PSY 830 (Statistical Methods in Psychology I) or graduate course equivalent.

Students are expected to have a basic understanding of R or another high-level programming language (e.g., Python). Minimally, students should understand basic principles of computer programming, including:

  1. conditional logic (if/else) and logical operators (e.g., equality)
  2. basic data types (in R, vectors, lists, data.frames, matrices, and arrays)
  3. flow control (for/while loops, next, break)
  4. import and export of data from text files
  5. subsetting data using basic R syntax such as x[1:10, c(1,5)].

Required Textbooks

  • Tufte, E. R. (2001). The visual display of quantitative information (2nd ed.). Cheshire, CT: Graphics Press.
  • Wickham, H. (2025). ggplot2: Elegant graphics for data analysis (3rd ed.). New York: Springer. Please use the online (not-yet-published) version here: https://ggplot2-book.org.
  • Wickham, H., Cetinka-Rundel, M., & Grolemund, G. (2023). R for Data Science: Import, Tidy, Transform, Visualize, and Model Data (2nd edition). O’Reilly Media. Available online: https://r4ds.hadley.nz.

Required Software

Class Structure

With a few exceptions, class will be structured into three blocks as follows:

  • 9:00-10:10am Figure critique, lecture, and discussion of readings
  • 10:10am-10:20am Break
  • 10:20am-11:30am R demonstration and practical exercise

During the R demonstration, we will work on a data-related project together, so please bring a laptop with the above software and packages loaded. Let me know if this will be a difficulty for you so that we can arrange alternative plans.

Evaluation

Although the course will review the principles of effective data visualization (e.g., graphical perception), the course is primarily intended to facilitate your applied skills managing and visualizing data. Consequently, there will be no formal exams or quizzes. Instead, your grade will be based primarily on figure critiques, take-home exercises, participation, and three projects. Students are encouraged to bring a dataset that is relevant to their research for use in each project. If possible, a challenging dataset (one that defies simple management in a spreadsheet format) will provide better opportunities to learn advanced data management and visualization skills.

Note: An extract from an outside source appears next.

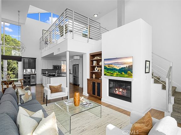Overlooking the living space is a versatile loft—perfect for a home office, yoga studio, or guest retreat. The living room boasts a cozy gas fireplace and opens to a balcony overlooking the serene courtyard.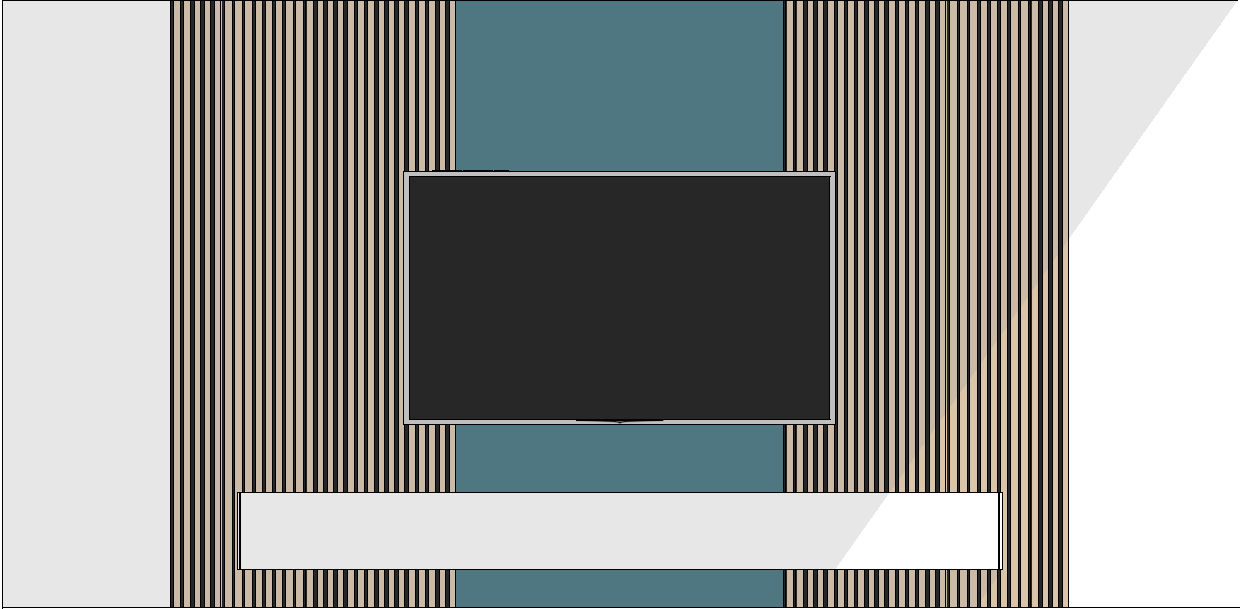 tv wall with a wooden borad simetrical of the tv hiden lights as a stripe on teach side of the wooden panels under the tv there is a 3 m lond standing shelf from the sids of the tv there is a indor plant

All projects are to be completed individually. Although you are encouraged to discuss data management and visualization challenges with your classmates, you’ll get the most benefit from the course by developing projects yourself.

  • 15% Participation, as defined by attending class, contributing to reading discussions, engagement with lab exercises, and otherwise contributing to scholarly discourse.

  • 10% Figure critiques and data exercises. In the first part of the semester, students will complete take-home data exercises to become familiar with managing, tidying, and wrangling data in R. In the latter half of the semester, students will be expected to submit a critique of at least one figure or table. The critique can be brief, perhaps in bullet form, but should highlight key strengths and limitations of the display, as well as suggestions for alternative visualizations. One (or perhaps a few) figures will be discussed at the beginning of class before the discussion of readings.

    Assignments will be due by 8am on Wednesdays to provide time to review them and incorporate into class discussion.

  • 5% Data quality assurance and processing proposal. Due: 1/29 (Week 4)

  • 15% Data quality assurance project (code and output). Due: 2/12 (Week 6)

  • 15% Conceptual figure/infographic project. Due: 3/5 (Week 9)

  • 5% Final project proposal. Due: 3/26 (Week 11)

  • 10% Final presentation of data visualization project. Due: 4/23 (Week 14)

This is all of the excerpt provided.